MATERIAL SUPPLIED ::
━━━

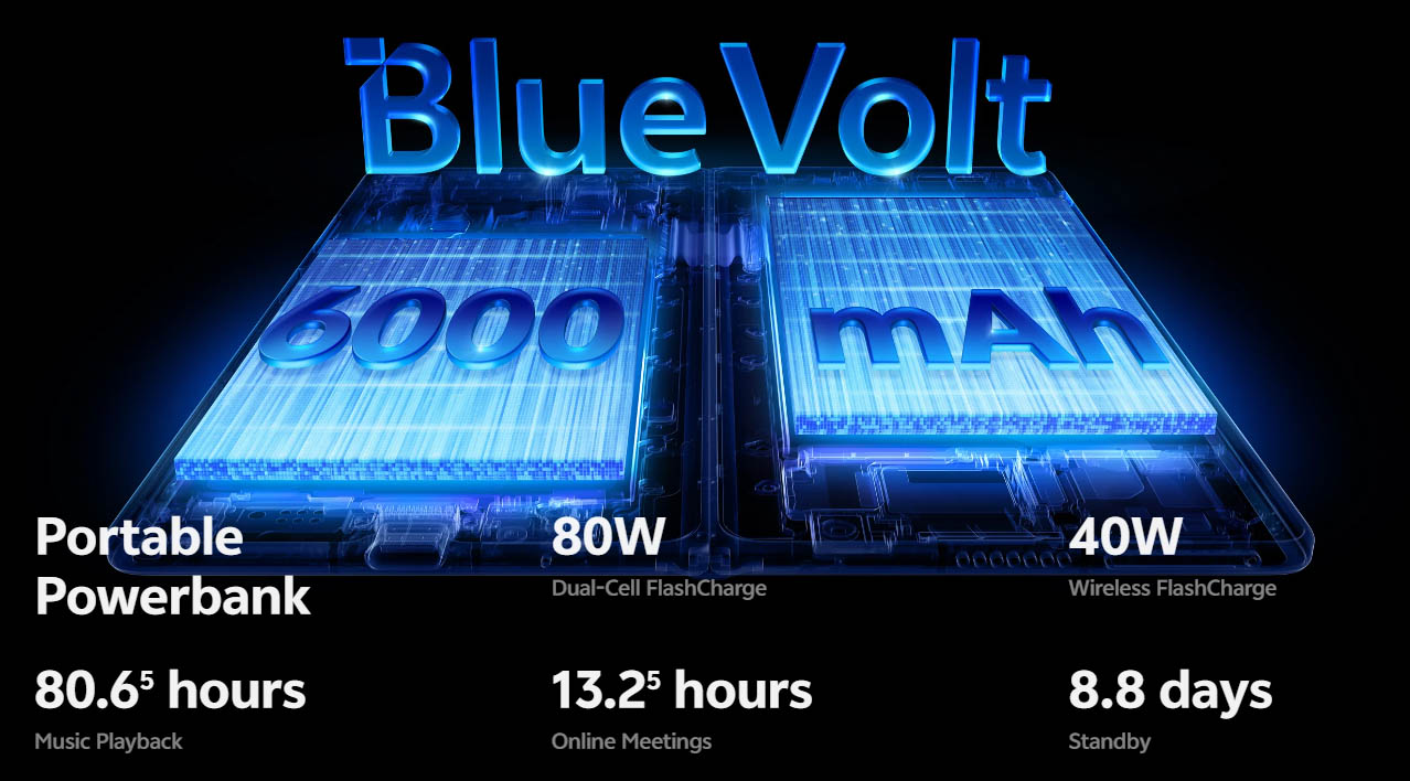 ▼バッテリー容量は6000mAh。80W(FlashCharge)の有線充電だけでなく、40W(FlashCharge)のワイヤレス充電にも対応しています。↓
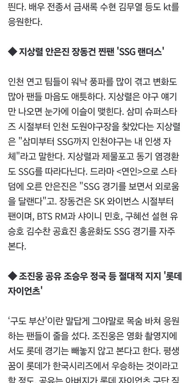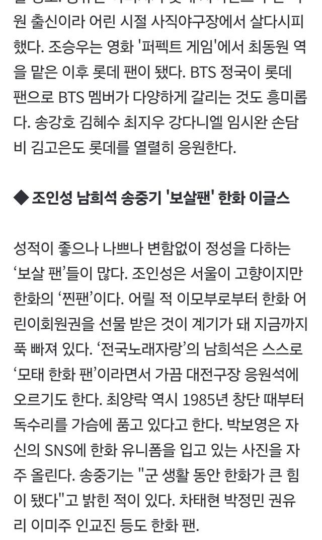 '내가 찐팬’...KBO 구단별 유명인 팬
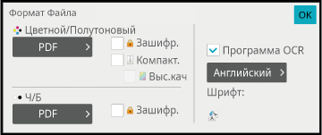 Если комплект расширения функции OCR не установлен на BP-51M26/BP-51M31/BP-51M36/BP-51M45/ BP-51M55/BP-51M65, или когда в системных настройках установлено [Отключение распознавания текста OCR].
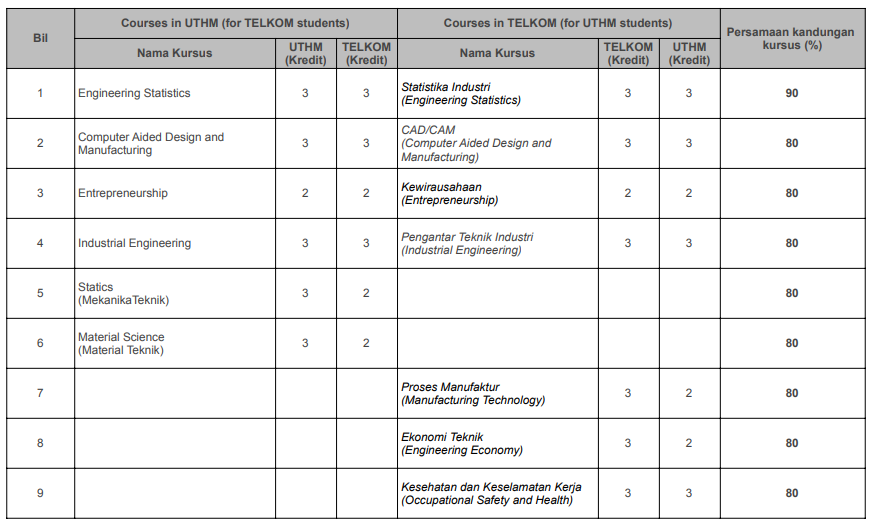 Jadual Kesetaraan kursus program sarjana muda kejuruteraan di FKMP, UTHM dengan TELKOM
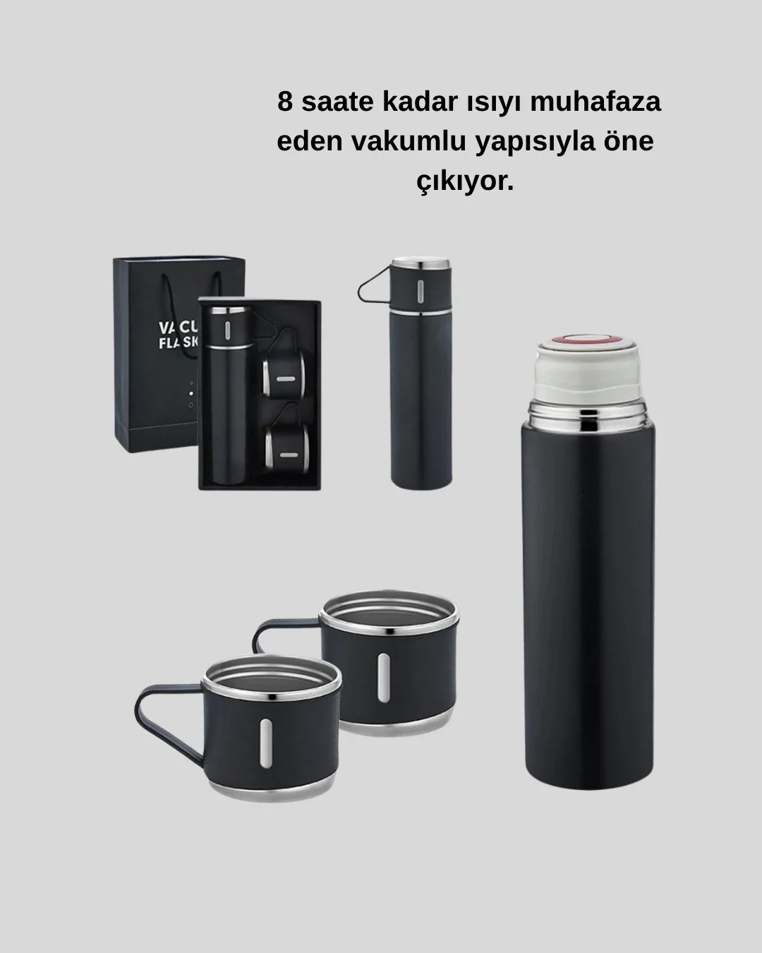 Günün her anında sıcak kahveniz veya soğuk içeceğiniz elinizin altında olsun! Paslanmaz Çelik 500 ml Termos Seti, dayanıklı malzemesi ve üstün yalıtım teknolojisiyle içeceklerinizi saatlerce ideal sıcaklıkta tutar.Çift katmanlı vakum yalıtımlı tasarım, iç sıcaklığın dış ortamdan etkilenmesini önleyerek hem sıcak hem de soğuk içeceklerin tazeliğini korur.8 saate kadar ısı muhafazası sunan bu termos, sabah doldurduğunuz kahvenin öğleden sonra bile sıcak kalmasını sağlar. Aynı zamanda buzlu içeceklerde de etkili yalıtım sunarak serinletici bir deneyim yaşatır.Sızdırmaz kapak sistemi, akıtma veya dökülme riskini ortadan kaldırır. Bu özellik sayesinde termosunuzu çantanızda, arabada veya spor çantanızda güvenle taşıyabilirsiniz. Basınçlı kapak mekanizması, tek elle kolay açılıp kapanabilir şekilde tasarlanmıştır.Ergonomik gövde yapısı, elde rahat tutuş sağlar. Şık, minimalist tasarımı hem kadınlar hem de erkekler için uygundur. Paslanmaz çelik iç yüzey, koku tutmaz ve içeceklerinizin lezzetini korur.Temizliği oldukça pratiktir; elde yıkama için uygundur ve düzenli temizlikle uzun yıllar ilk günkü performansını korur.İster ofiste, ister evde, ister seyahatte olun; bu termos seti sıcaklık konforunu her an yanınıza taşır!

━━━

TASK STATEMENT :: Write out everything in the data word for word. Omit each picture.

SOLUTION ::
 ▼バッテリー容量は6000mAh。80W(FlashCharge)の有線充電だけでなく、40W(FlashCharge)のワイヤレス充電にも対応しています。↓
 '내가 찐팬’...KBO 구단별 유명인 팬
 Если комплект расширения функции OCR не установлен на BP-51M26/BP-51M31/BP-51M36/BP-51M45/ BP-51M55/BP-51M65, или когда в системных настройках установлено [Отключение распознавания текста OCR].
 Jadual Kesetaraan kursus program sarjana muda kejuruteraan di FKMP, UTHM dengan TELKOM
 Günün her anında sıcak kahveniz veya soğuk içeceğiniz elinizin altında olsun! Paslanmaz Çelik 500 ml Termos Seti, dayanıklı malzemesi ve üstün yalıtım teknolojisiyle içeceklerinizi saatlerce ideal sıcaklıkta tutar.Çift katmanlı vakum yalıtımlı tasarım, iç sıcaklığın dış ortamdan etkilenmesini önleyerek hem sıcak hem de soğuk içeceklerin tazeliğini korur.8 saate kadar ısı muhafazası sunan bu termos, sabah doldurduğunuz kahvenin öğleden sonra bile sıcak kalmasını sağlar. Aynı zamanda buzlu içeceklerde de etkili yalıtım sunarak serinletici bir deneyim yaşatır.Sızdırmaz kapak sistemi, akıtma veya dökülme riskini ortadan kaldırır. Bu özellik sayesinde termosunuzu çantanızda, arabada veya spor çantanızda güvenle taşıyabilirsiniz. Basınçlı kapak mekanizması, tek elle kolay açılıp kapanabilir şekilde tasarlanmıştır.Ergonomik gövde yapısı, elde rahat tutuş sağlar. Şık, minimalist tasarımı hem kadınlar hem de erkekler için uygundur. Paslanmaz çelik iç yüzey, koku tutmaz ve içeceklerinizin lezzetini korur.Temizliği oldukça pratiktir; elde yıkama için uygundur ve düzenli temizlikle uzun yıllar ilk günkü performansını korur.İster ofiste, ister evde, ister seyahatte olun; bu termos seti sıcaklık konforunu her an yanınıza taşır!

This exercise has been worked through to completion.